# Entries provided
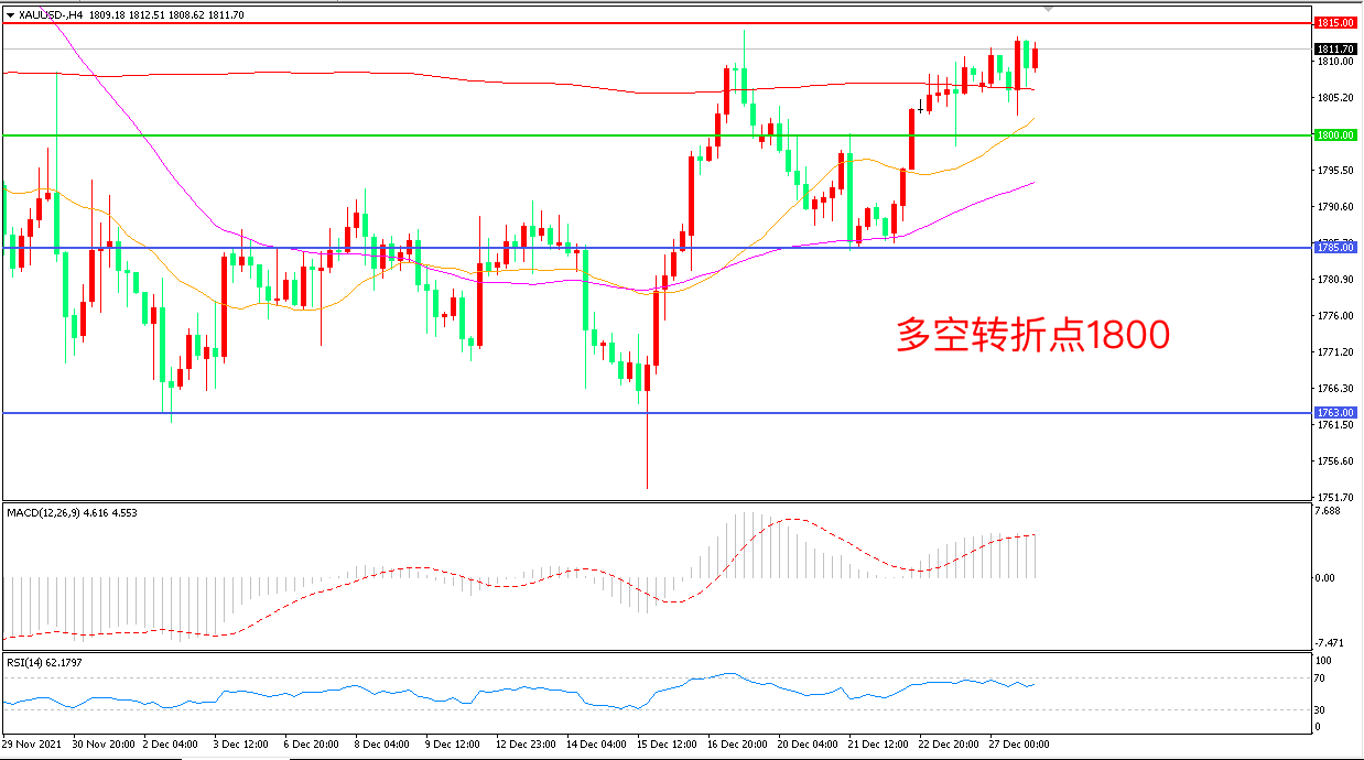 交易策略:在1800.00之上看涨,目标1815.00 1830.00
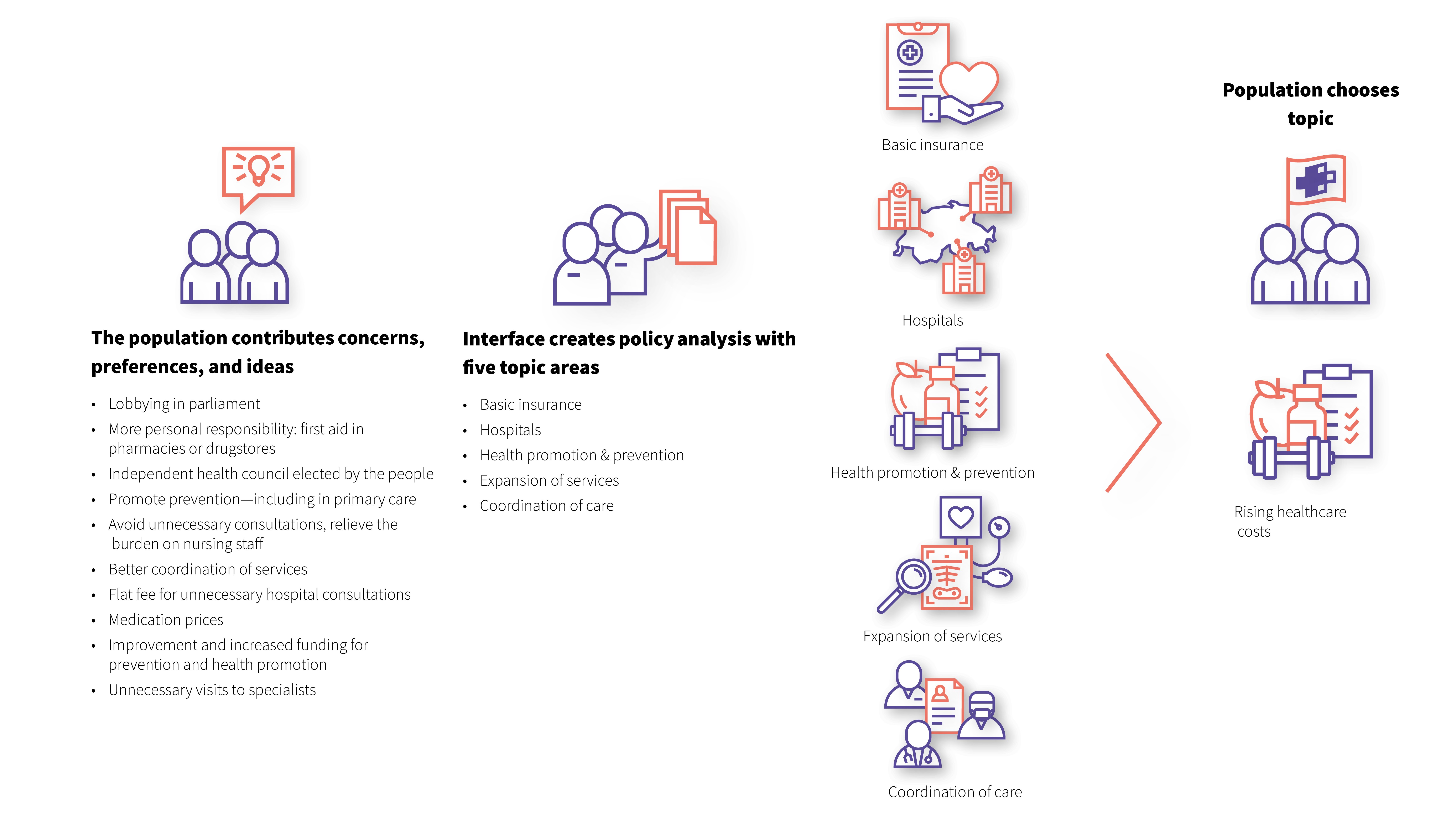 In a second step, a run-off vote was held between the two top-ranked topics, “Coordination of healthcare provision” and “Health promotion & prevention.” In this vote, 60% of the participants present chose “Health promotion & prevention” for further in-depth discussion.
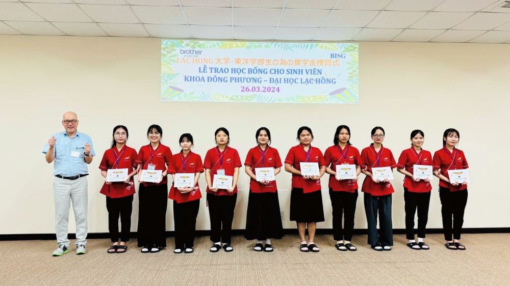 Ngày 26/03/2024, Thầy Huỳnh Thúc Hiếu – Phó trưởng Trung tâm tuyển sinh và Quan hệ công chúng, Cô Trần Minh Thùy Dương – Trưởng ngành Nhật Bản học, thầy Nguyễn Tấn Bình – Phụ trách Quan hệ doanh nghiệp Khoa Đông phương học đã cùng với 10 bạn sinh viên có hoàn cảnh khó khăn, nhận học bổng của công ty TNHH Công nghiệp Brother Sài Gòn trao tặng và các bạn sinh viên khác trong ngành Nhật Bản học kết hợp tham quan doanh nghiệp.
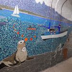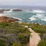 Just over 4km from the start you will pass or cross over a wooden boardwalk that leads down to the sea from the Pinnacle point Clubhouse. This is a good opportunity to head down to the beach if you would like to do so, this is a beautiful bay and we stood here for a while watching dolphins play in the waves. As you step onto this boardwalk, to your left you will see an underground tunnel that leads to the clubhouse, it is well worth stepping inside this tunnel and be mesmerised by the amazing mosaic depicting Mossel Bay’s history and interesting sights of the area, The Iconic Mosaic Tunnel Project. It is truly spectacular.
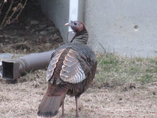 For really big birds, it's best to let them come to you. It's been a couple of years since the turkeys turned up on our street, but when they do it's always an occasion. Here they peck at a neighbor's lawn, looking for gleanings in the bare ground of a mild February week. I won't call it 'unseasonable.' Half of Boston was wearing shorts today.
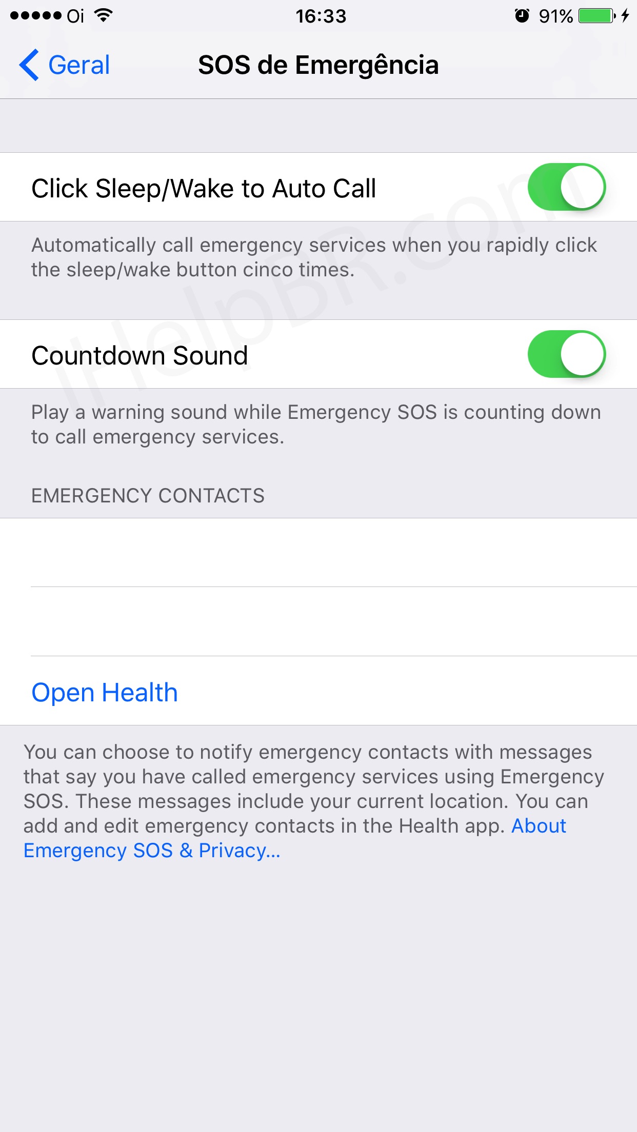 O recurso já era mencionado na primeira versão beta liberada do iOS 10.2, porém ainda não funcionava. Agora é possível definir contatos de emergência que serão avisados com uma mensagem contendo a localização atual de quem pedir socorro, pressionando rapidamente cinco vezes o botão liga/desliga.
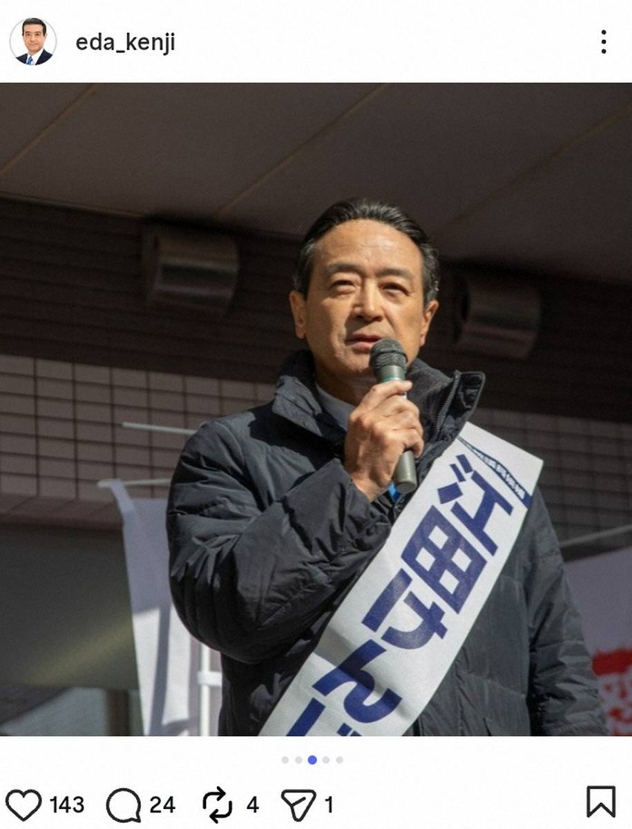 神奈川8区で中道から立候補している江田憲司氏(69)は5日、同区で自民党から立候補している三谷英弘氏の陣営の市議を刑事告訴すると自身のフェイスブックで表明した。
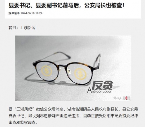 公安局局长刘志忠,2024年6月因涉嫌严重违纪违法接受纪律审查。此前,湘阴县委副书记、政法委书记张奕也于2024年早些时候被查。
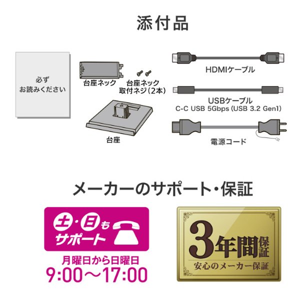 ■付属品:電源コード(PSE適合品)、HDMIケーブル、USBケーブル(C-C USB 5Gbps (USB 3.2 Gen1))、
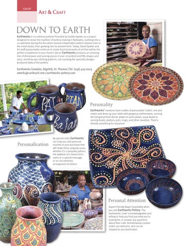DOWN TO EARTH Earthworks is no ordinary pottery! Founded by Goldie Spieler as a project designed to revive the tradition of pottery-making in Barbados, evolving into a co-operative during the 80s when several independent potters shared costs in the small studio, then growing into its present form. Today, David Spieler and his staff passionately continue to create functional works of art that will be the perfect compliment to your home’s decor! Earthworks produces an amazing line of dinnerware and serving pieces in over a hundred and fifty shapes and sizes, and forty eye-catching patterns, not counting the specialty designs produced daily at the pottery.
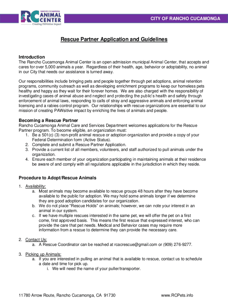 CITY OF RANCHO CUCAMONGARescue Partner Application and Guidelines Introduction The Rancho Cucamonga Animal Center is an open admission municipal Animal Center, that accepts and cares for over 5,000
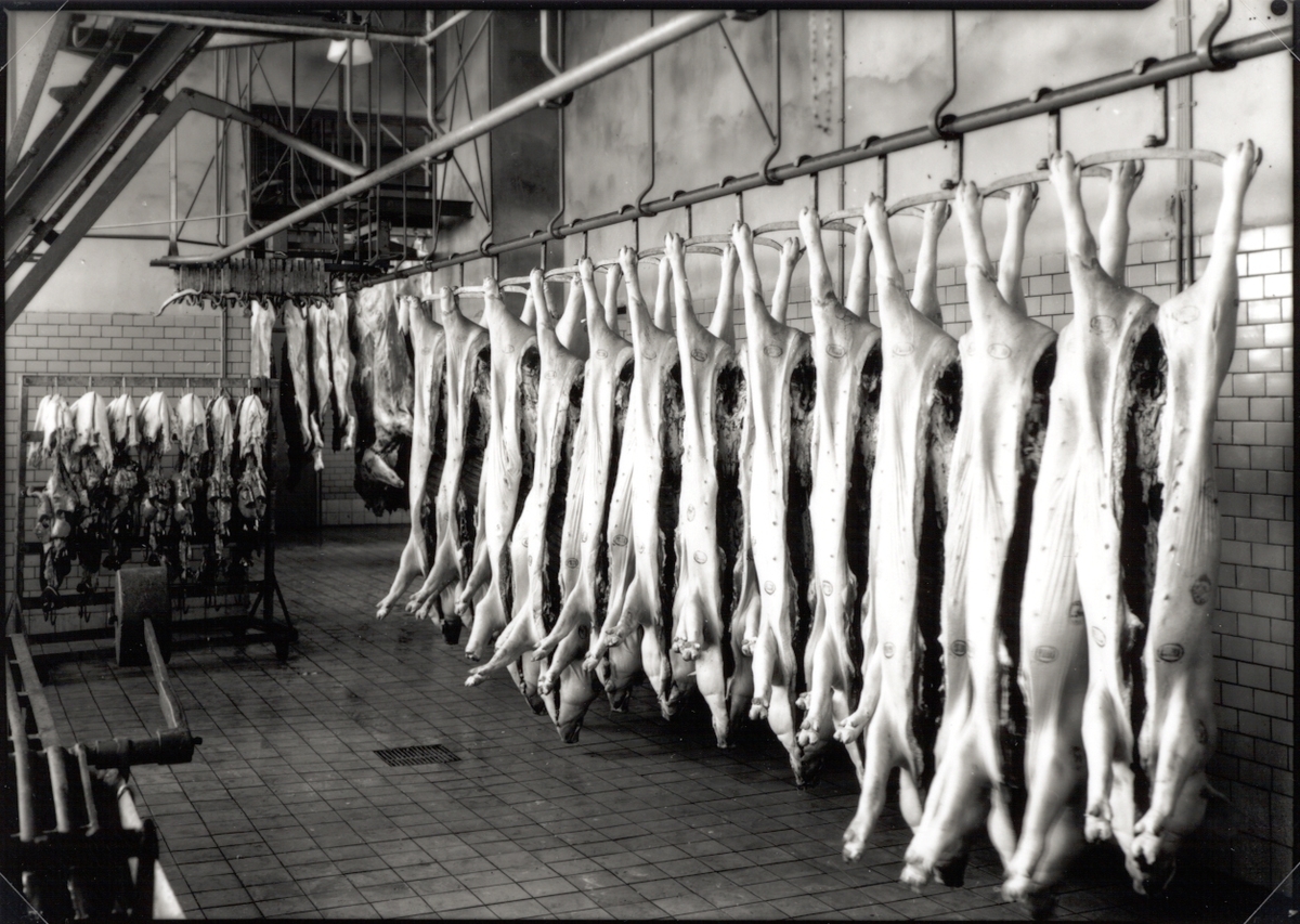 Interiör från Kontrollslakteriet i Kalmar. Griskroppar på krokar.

# What is expected
Repeat exactly the lines from the start of the entries down to the line with "In a second", keeping both ends but none of the pictures.

# Answer
 交易策略:在1800.00之上看涨,目标1815.00 1830.00
 In a second step, a run-off vote was held between the two top-ranked topics, “Coordination of healthcare provision” and “Health promotion & prevention.” In this vote, 60% of the participants present chose “Health promotion & prevention” for further in-depth discussion.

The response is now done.